Before that, her reasonable but twisted logic prevailed telling her that it was just what a mother needed from her son after the loss of her husband and what a mother needed to give to her son after the loss of his father. Truly, she had feelings of innocent love and not sexual lust. In her grief, she had convinced herself that she was doing the right thing. For a while, she believed that until guilt consumed her grief. Yet, now, she is glad she did what she did hoping that the last thoughts of her husband and son were of her.
She pulled the covers back enough for her to get beneath them and in bed with her son. As soon as she did, she felt horny. As soon as she did, she had gone beyond the point of no return of the relationship of mother and son.

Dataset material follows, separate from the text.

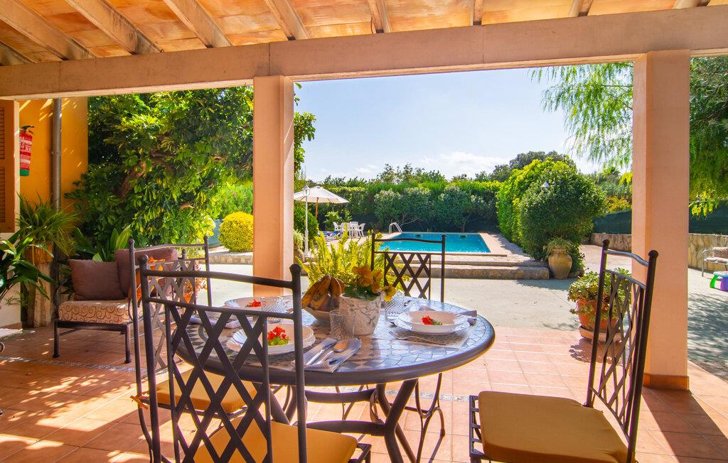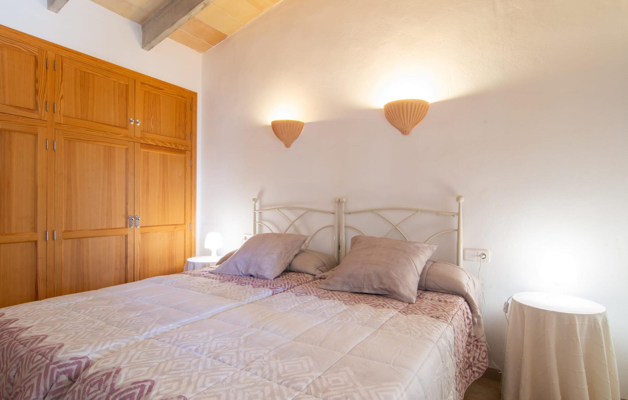 Den yderst familievenlige og prisvenlige villa "Can Aloy" er beliggende i en afsondret landlig beliggenhed. Hvis jeres familie har kæledyr, kan de også ledsage jer til villaen på ferie. Omgivet af knudrede oliventræer og typisk middelhavsvegetation finder I alt, hvad I behøver på ejendommens terrasse: en plan pool med mosaikfliser og bugtende motiver inviterer til en forfriskende svømmetur. Adgang sker via en stige eller en fire meter bred trappe i den laveste del af poolen. Poolen er indlejret i en solterrasse lavet af natursten. Udover 4 liggestole er der et enkelt siddeområde med flere stole. For at det ikke skal blive for varmt om sommeren, kan to parasoller give skygge, hvis det ønskes. Husets terrasse er tilgængelig via et brolagt område. Til venstre finder I murstensgrillen - ideel til en afslappet BBQ, hvis I kan lide at lave mad selv på ferien. På bagsiden af ejendommen har de venlige ejere af huset en køkkenhave og en frugthave. De deler gerne deres friske haveprodukter og giver jer friske, solmodne råvarer. Den anden halvdel af huset tilhører faktisk ejerne og bruges udelukkende af dem, så længe der ikke er gæster i villaen, så de kan nyde deres privatliv her. Vores favoritsted i denne villa er uden tvivl den overdækkede terrasse, hvorfra vi også har adgang til huset. Smukt møbleret med et spisebord og et komfortabelt sofasæt i marokkansk stil med sarte metalstel, kan I nyde et måltid eller en kaffepause her når som helst på dagen og slappe af. I kan læse en bog i de komfortable gyngestole og nyde stemningen med typiske mallorcanske dekorationer som smukke lanterner og et springvand, der ikke længere bruges. Adgang til huset sker via terrassen, med et centralt beliggende åbent køkken med rundt spisebord, et rigtig hyggeligt sted for familien at nyde et måltid sammen. Køkkenområdet er adskilt fra spisepladsen af en amerikansk morgenmadsbar og fire taburetter. Her finder I alt, der vil gøre jeres feriehverdag nemmere - brødrister, elkedel, kaffemaskine, mikroovn, gaskomfur, stort køleskab med fryserum og opvaskemaskine. Her er ingen fancy højglans, men alt passer sammen og er solidt, enkelt og fuldstændig funktionelt. Dette skaber en livlig blanding af stilarter i stuen med en vidunderlig hyggelig og hjemlig atmosfære. Der er også et hyggeligt opholdsområde i stuen foran fjernsynet og 2 afslappede træstole med ternede hynder foran den engang så åbne pejs, hvor en brændeovn nu giver ekstra komfort. De to dobbeltværelser er placeret på denne etage - begge udstyret med matchende nostalgiske sengerammer i hvidt metal. Der er to enkle hvide badeværelser, det ene med badekar med bruser og det andet med bruser. En noget stejl trappe fører os ind under det særligt hyggelige skråtag, hvor der er et hyggeligt 3-sengs værelse. Ideel til jeres børn, der kan lide at have gulvet for sig selv. På grund af tagets højde er dette værelse ikke egnet til små børn, ældre eller bevægelseshæmmede. For børn i skolealderen er det et absolut paradis. Med sin indtagende individualitet og hygge passer denne villa perfekt ind i de autentiske omgivelser i Búger. Selve distriktet bruges delvist af de lokale mallorcanere som køkkenhave og som små gårde med får eller andre husdyr. I er garanteret at nyde jeres ferie her, ved porten til den lille by Búger væk fra masseturismen. Búger ligger kun få minutter væk i bil. I kan nå landsbyen på cykel eller endda til fods. Búger er den mindste by på Mallorca og tilbyder jer stadig alt, hvad I har brug for. Denne søvnige, dejlige landsby har ikke hørt om masseturisme, men dens autenticitet passer ind i den autentiske mallorcanske tradition. Der er en smuk vandresti omkring Búger med grønne dale, stejle kyster og solide klippesider. Villaen "Can Aloy" passer perfekt til denne atmosfære. Det er tæt på hovedvejen - som I kan høre - der strækker sig fra hovedstaden Palma, cirka 40 km væk i den sydvestlige del af øen, til den nordøstlige by Alcúdia og bugten af samme navn. På kun en kort køretur kan I nå mange steder, der er værd at se, samt Alcúdia-bugten med sine fine sandbugter. Vi hos Fincallorca ønsker jer et behageligt og varieret ophold med god tid til at slappe af og nyde den hjemlige atmosfære i den lille fine villa "Can Aloy". Den delikate villa "Can Aloy" ligger i smukke landlige omgivelser, ca. 1 km fra porten til Búger. Her kan I gøre jeres daglige indkøb eller besøge en af barerne eller restauranterne. Det ugentlige marked finder sted i San Pobla om søndagen. De smukke strande i nord, især dem ved Alcúdia-bugten, er nemme og hurtige at nå med lejebil.

She just wanted to hold him, she said to herself in her efforts to convince herself to go through with this. She just wanted to feel the warmth of his body against hers. She never thought of it as a sexual thing, until she stripped off her nightgown before entering his room and her selfish desire replace her reason. Besides, it was too late because now she was there in bed with her son naked. It sounded like a good plan when she was alone in bed. It was more for comfort than it was for pleasure, she convinced herself to believe.
Only, it quickly escalated and sexual gratification encompassed the both of them with their passion, lust, and desire for one another. Nonetheless, it was something that they both truly needed at that time and it was okay at that moment. For that moment in time, she was not his mother and he was not her son but two grieving, needy people who needed some solace from their sadness and suffering.
She was so cold and her son's body was so warm. She spooned him and as soon as she did, she knew that he was naked, too. He felt so firm and so strong. He felt how her husband used to feel before beer and fast food fattened his body and lack of exercise eroded his muscles. She felt comfort in hearing his breathing and in feeling the beat of his heart. With her breasts pressed against his broad back, the feeling of him in her arms was electric and for a moment, the sensation of him made her forget her grief. With thoughts of her Honeymoon night, she pretended that her son was her husband. The feelings of holding him replaced her feelings of sorrow. He gave her peace for the first time since those soldiers appeared at her door and she felt that she was doing the same for him, too, as he was finally sleeping peacefully without that frightening nightmare.
They lay there for some time before he noticed her. He reached his big hand behind him and touched her knee up to her thigh and continued higher feeling her hip. The gentle touch of him felt good and released the womanly feelings in her. It was something that she needed. When he turned towards her, she didn't turn away. She hugged him and kissed his cheek and neck.